Actual performance of bulk import can vary depending on the number of secondary indexes, the number of rows, column types, production traffic, etc.

Following are the results of bulk import performance based on instance sizes:

Instance Type Insert Rate (rows/s) Network Throughput (Bytes/s) Storage Throughput (Bytes/s) CPU Utilization (%)
r6g.2xlarge 42.3 K 27.2 K 457 M 55.0
r6g.4xlarge 94.0 K 45.9 K 900 M 51.9
r6g.8xlarge 158 K 72.2 K 1.39 G 44.6

Insert rate, network throughput, and storage throughput are the average values calculated from CloudWatch metrics.

Comparison with gh-ost

We've compared total migration time of SB-OSC and gh-ost on following conditions:

  • Table C with ~200M rows
  • Aurora MySQL v3 cluster, r6g.8xlarge instance
  • 2 secondary indexes
  • batch_size (chunk-size for gh-ost): 50000
  • (gh-ost) --allow-on-master

w/o traffic

Tool Total Migration Time CPU Utilization (%)
SB-OSC 22m 60.6
gh-ost 1h 52m 19.7

w/ traffic

Traffic was generated only to table C during the migration. (~1.0K inserts/s, ~0.33K updates/s, ~0.33K deletes/s)

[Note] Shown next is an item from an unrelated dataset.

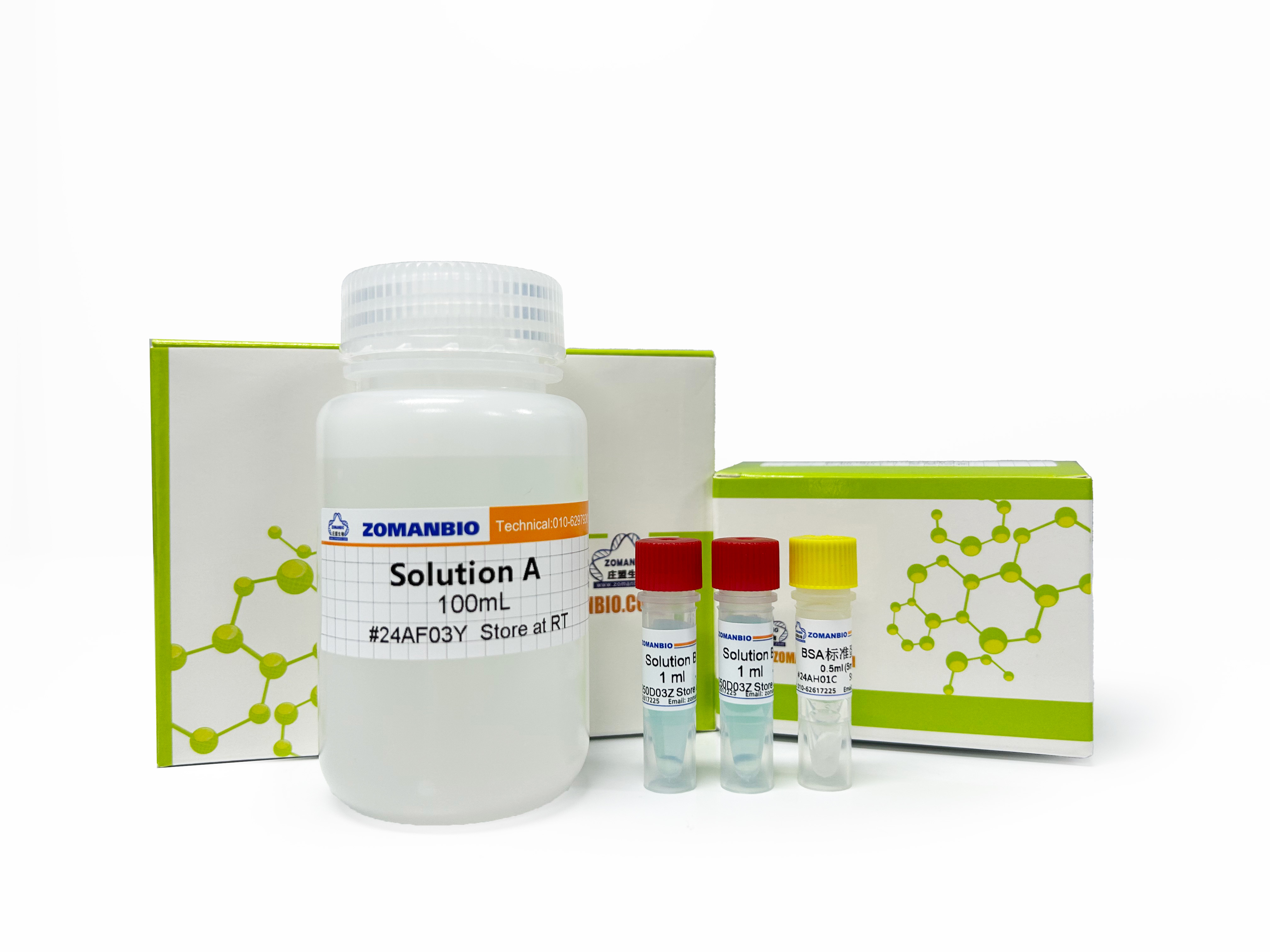 BCA(bicinchoninic acid)法蛋白濃度定量試劑盒是一種抗干擾能力強且準確定量的蛋白含量檢測試劑盒。眾所周知,二價銅離子在堿性的條件下,可以被蛋白質還原成一價銅離子(biuret reaction),一價銅離子和獨特的 BCA Solution A(含有 BCA)相互作用產生敏感的顏色反應。兩分子的 BCA 螯合一個銅離子,形成紫色的反應復合物。該水溶性的復合物在 562nm 處顯示強烈的吸光性,吸光度和蛋白濃度在廣泛范圍內有良好的線性關系,因此根據(jù)吸光值可以推算出蛋白濃度。

Tool Total Migration Time CPU Utilization (%)
SB-OSC 27m 62.7
gh-ost 1d+ 27.4

For gh-ost, we interrupted the migration at 50% (~12h) since ETA kept increasing.

Limitations

  • Necessity of Integer Primary Keys SB-OSC performs multithreading based on integer primary keys (PKs) during the bulk import phase. This approach, designed around batch processing and other operations utilizing integer PKs, means SB-OSC cannot be used with tables that do not have integer PKs.

  • Updates on Primary Key SB-OSC replicates records from the original table based on the PK for applying DML events. Therefore, if updates occur on the table's PK, it can be challenging to guarantee data integrity.

  • Binlog Resolution SB-OSC is limited by the fact that binlog's resolution is in seconds. While this doesn't significantly impact most scenarios due to SB-OSC's design, it can affect the logic based on timestamps when excessive events occur within a second.

  • Reduced Efficiency for Small Tables For small tables, the initial table creation, chunk creation, and the multi-stage process of SB-OSC can act as overhead, potentially slowing down the overall speed. Therefore, applying SB-OSC to small tables may not be as effective.